Silent Letter Reactivation
English keeps certain consonants in spelling even when they're silent, because they become audible in derived forms. Ingglish removes silent consonants, then shows them when they return:
| Family | English | Ingglish | What changed |
|---|---|---|---|
| sign / signal | sign / signal / signature | sain / signal / signacher | silent "g" returns |
| bomb / bombard | bomb / bombard | bom / bombard | silent "b" returns |
| condemn / condemnation | condemn / condemnation | kandem / kondamnayshan | silent "n" returns |
| malign / malignant | malign / malignant | malain / malignant | silent "g" returns |
| paradigm / paradigmatic | paradigm / paradigmatic | pairadaim / pairadigmatik | silent "g" returns |
| debt / debit | debt / debit | det / debit | silent "b" returns |
| resign / resignation | resign / resignation | rizain / rezagnayshan | silent "g" returns |
| autumn / autumnal | autumn / autumnal | awtam / awtuhmnal | silent "n" returns |
Stress-Induced Vowel Reduction
When stress shifts between forms, unstressed vowels reduce to schwa, changing the Ingglish spelling:
| Family | English | Ingglish | What changed |
|---|---|---|---|
| photograph / photography | photograph / photography | fohtagraf / fatografee | stress shift changes /oʊ/ -> /&schwa;/ |
| condemn / condemnation | condemn / condemnation | kandem / kondamnayshan | multiple vowels shift |
| receipt / receive | receipt / receive | riseet / raseev | /ι/ -> /&schwa;/ |
Multiple Effects Combined
Some word families combine vowel shifts, silent letter reactivation, and stress changes:
| Family | English | Ingglish | Effects |
|---|---|---|---|
| receipt / receive / reception | receipt / receive / reception | riseet / raseev / risepshan | vowel shift + stress + consonant change |
| muscle / muscular | muscle / muscular | muhsal / muhskyaler | vowel change + consonant insertion |
| know / knowledge | know / knowledge | noh / nolaj | silent "k" + vowel shift |
Improved Relationships
In a few cases, Ingglish's consistent consonant spelling makes morphological relationships clearer than English:
| Family | English problem | Ingglish improvement |
|---|---|---|
| magic / magician / magical | "c" represents /k/, /∫/, and /k/ | "k" consistently represents /k/, "sh" represents /∫/ |
| electric / electricity | "c" represents /k/ and /s/ | "k" and "s" are explicit |
| cone / conic / conical | "c" represents /k/ in "cone" but could be /s/ | "k" is unambiguous |
These improvements are modest: Ingglish clarifies consonant ambiguities but breaks vowel relationships more often than it fixes consonant ones.
Summary
| Category | Count | Pattern |
|---|---|---|
| Preserved | ~10 families | Root pronunciation stays similar across forms |
| Broken by vowel shift | ~9 families | Long/short vowel alternation (sane/sanity pattern) |
| Broken by silent letters | ~8 families | Consonants appear/disappear (sign/signal pattern) |
| Broken by stress shift | ~3 families | Unstressed vowels reduce to schwa |
| Improved | ~3 families | Consistent consonant spelling |
The vowel shift alternation is the dominant pattern. In English, the shared spelling of root vowels (a_e/a, ee/e, i_e/i) acts as a visual morphological marker. Ingglish, by faithfully representing pronunciation, must use different vowel spellings for different vowel sounds, even when the words are morphologically related.

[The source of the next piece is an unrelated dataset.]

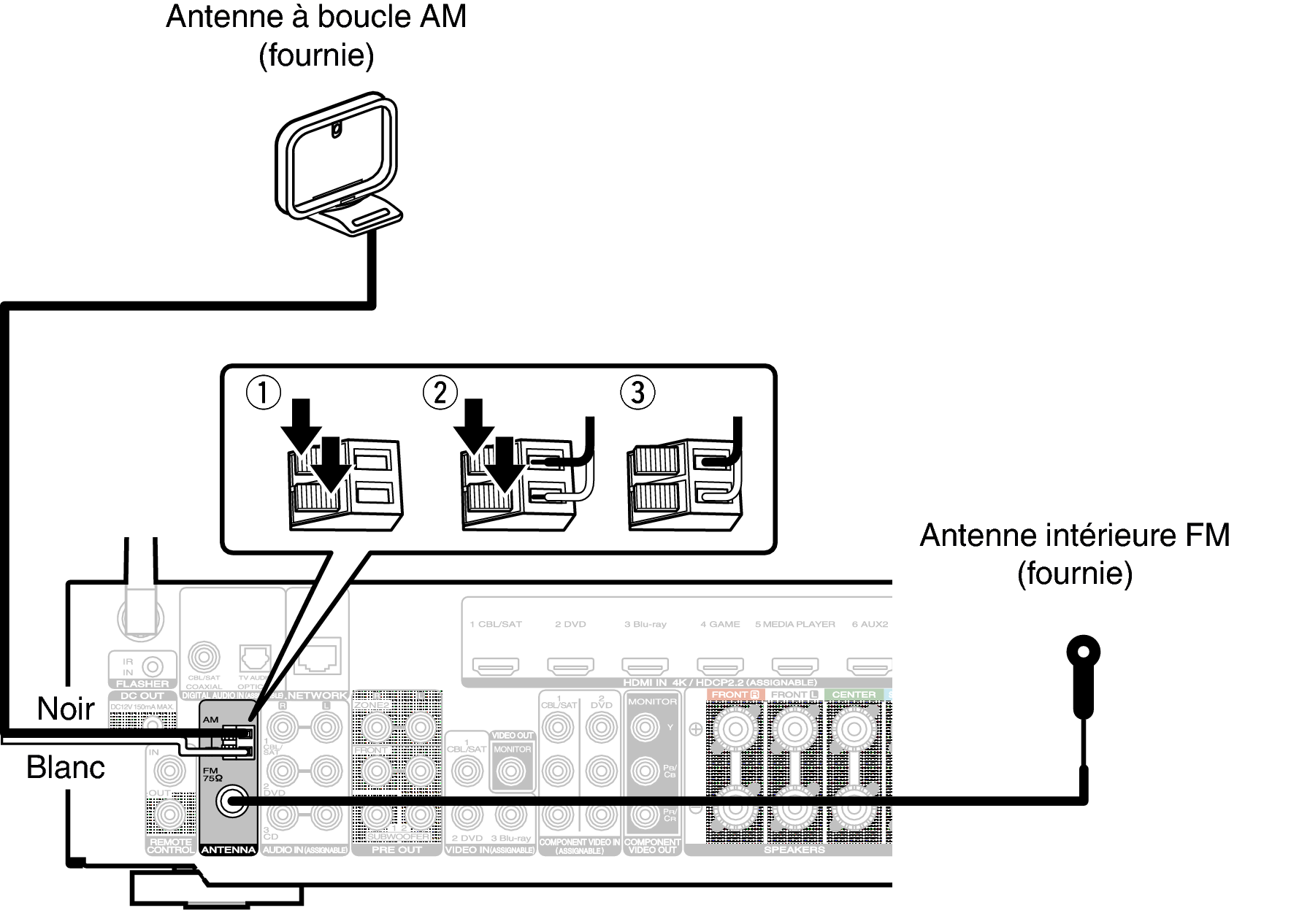 Assurez-vous que les bornes des fils de l’antenne à boucle AM n’entrent pas en contact avec les parties métalliques du panneau.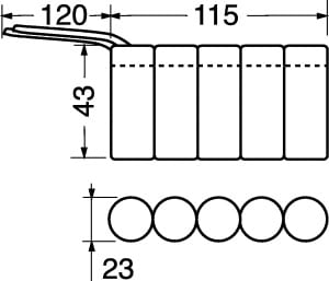 PACCHETTI BATTERIE RICARICABILI NI-CD. Composto da 5 elementi tipo SCTENSIONE:6V. CARICABATTERIE:30/8669. Capacità Batt.: 1800 mAh.

This is the fundamental tradeoff of any phonemic spelling system: you gain the ability to predict pronunciation from spelling, but you lose some of the visual connections between related words. Whether this tradeoff is worthwhile depends on whether you prioritize reading (decoding) or spelling (encoding), and on how much context helps readers recognize word families despite spelling differences.